For a more in-depth version, try this arrayed infographic codifying 22 possible type combinations. Though it doesn’t provide a visual key, it does offer a quick reference for the advisability of 484 possible pairings.
Get Help on Helvetica Combinations
And just because you’re entirely in need of some friends for Helvetica, keep this FontShop list handy. Helvetica-savant Indra Kupferschmidt provides an array of choice Helvetica helpers, as well as a first bit of insight into the theory of font pairings.
Learn to Create Well-Balanced Contrast Pairings
With those immediately accessible type pairings at your elbow, it’s time to incorporate a bit of theory so that you can choose your own. A common theme in the cheat sheets is contrast – for example, serif typefaces are paired with sans-serifs, and vice-versa. Yet the key to well-balanced contrast pairings is to look for subtle similarities. Take a gander at Peatah.org’s combination chart, and follow up with BigBrand’s golden combination rule: Look for similarities in the letters a, g and e.
Hoefler and Frere-Jones’ Four Ways to Mix Fonts explores a breadth of font combination concepts and their uses. This article and its multitude of examples provide guidelines rather than dogmatic combinations.

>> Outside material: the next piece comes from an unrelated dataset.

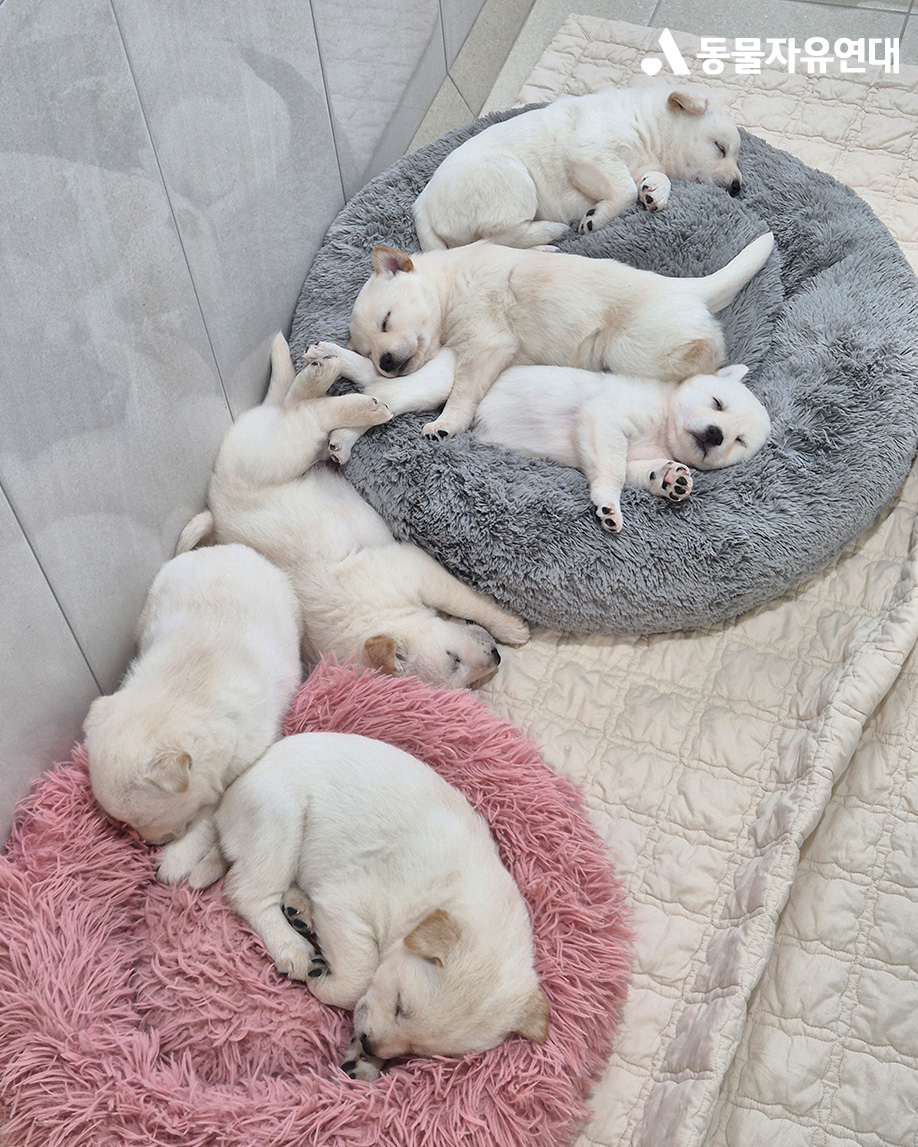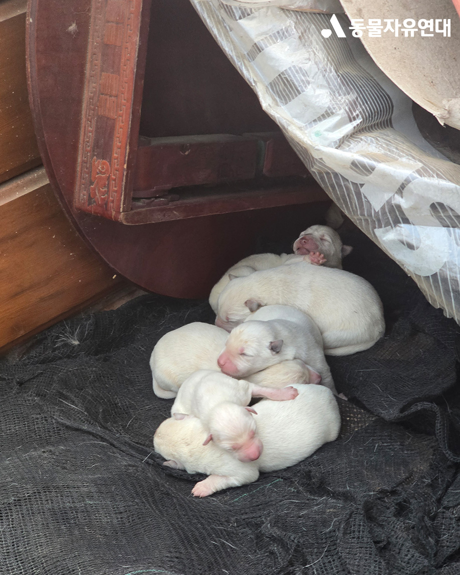 너무 어린 자견들을 모견과 분리할 수 없어, 구조를 멈추고 동물들을 지켜볼 수 밖에 없었습니다. 그렇게 약 3주 후 모견과 자견을 모두 안전히 구조할 수 있었습니다. 모견은 목줄 외상을 치료하기 위해 병원으로 이동했고, 자견들은 모견과 잠시 떨어져 온센터로 오게 되었습니다.

The most necessary quality of a pairing is that both unity and variety are preserved. H&FJ’s pivotal tenet: When combining fonts, let one design feature stay the same. Let one other thing vary.
These links alone should be enough to serve your basic font combination needs. For advanced study, try Robin Williams’ well-considered Layers Magazine article or Dmitry Kirsanov’s article on type matching theory.